Мы почти пришли к моему дому. Перед тем как расстаться, мы решили выпить вместе и уселись на террасе кафе.
– Нас не так уж плохо кормили сегодня, – сказал Саксель, возвращаясь к графине.
– Я в этом ничего не понимаю, – признался я, – мне показалось, что хорошо.
– Вот видите, может быть, как раз здесь мы особенно отличаемся от теософов и прочих аналогичных сект, а также от пацифистов, которые, как правило, вегетарианцы, а также от коммунистов, которые живут бедно, едят плохо и, следовательно, не могут судить о еде; мы не аскеты, как говорил Жорес. Его убили недалеко отсюда. Совпадение.
Из темноты вынырнул нищий с почтовыми открытками. Мрачный, впавший в маразм, он бормотал:
– Смилуйтесь над старым тружеником, смилуйтесь над старым тружеником.

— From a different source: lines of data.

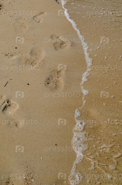 Босые следы на мокром песке размыты морской волной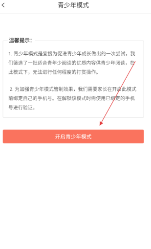 4、在青少年 模式页面,点击开启青少年 模式按钮即可。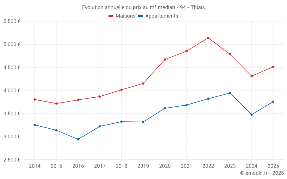 Le prix médian sur les 23 transactions de maisons des 6 derniers mois dans la commune de Thiais était de 4 516 € par mètre carré pour une valeur foncière médiane de 470 000 €. Sur cette période 60% des transactions se sont situées entre 4 036 et 5 259 € par mètre carré (du 2ème au 8ème déciles).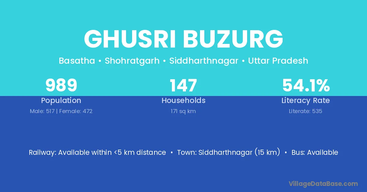 Siddharthnagar (15 km) is the nearest town to Ghusri Buzurg village for major economic activities and is located approximately 15 km away.

Я сорок лет проработал в одной конторе, месье.
– Ну и зря, – сказал Саксель, – видишь, что с тобой случилось.
– У меня было два сына, их убили на войне, месье.
– Они сами были в этом виноваты.
– Почтовую открытку, месье, почтовую открыточку.
– Спасибо, я никогда не посылаю открыток.
– Эй, бродяга, – сказал неожиданно появившийся официант, – оставишь ты этих господ в покое?
– Слушайте, я вас разве звал? – спросил Саксель. А потом старику:
– Выпьете с нами стаканчик, а?
– С величайшим удовольствием, месье, с величайшим удовольствием.
И сел.
Официант, исчезнув на секунду, вернулся с хозяином.
– Мы сожалеем, месье, но мы не можем обслуживать этого…
– Вы принесете ему то, что он закажет, – сказал Саксель.
– Нет, месье. Мне очень жаль, но…
– Какой позор, – воскликнул Саксель, – это такой же человек, как и мы! Он имеет право пить, если его мучает жажда. Революция 89 года по вас плачет, да, по вас с вашим толстым брюхом.
Вокруг нас образовалась толпа; местные проститутки, шоферы такси с соседней стоянки, разные ночные жители – все нас одобряли. Хозяин капитулировал. Нищему принесли стакан красного вина. Жестикулируя в попытке что-то объяснить, он его опрокинул. Нужно было заказывать другой. Он рассказывал нам, как его выставили за дверь конторы, в которой он проработал сорок лет. Саксель попытался втолковать ему некоторые методы классовой борьбы, но старик к своему бывшему хозяину не питал ничего, кроме любви. Сакселю стало противно. Я встал. Саксель тоже встал. А тот не хотел уходить. Он снова и снова начинал рассказывать свою историю. Саксель бросил деньги на стол, и мы ушли.
На следующий день без всякого конкретного повода я направился к площади Республики. Было около полудня. Я заметил Англареса – одного, на террасе знакомого кафе. Он увидел меня и дружески поприветствовал. Я подсел к его столику. Пока я раздумывал, что бы мне выпить, он улыбался сам себе, протирая стекла пенсне. Потом он взглянул на меня – и снова я заметил странное выражение его взгляда, но он тут же изменил его, словно снял маску, и надел пенсне.
– Ну, мой дорогой Трави, что вы думаете о нас? Несколько мгновений я думал, что я могу ответить на такой вопрос, но он снова спросил:
– Скажите мне прямо, что вы думаете обо мне?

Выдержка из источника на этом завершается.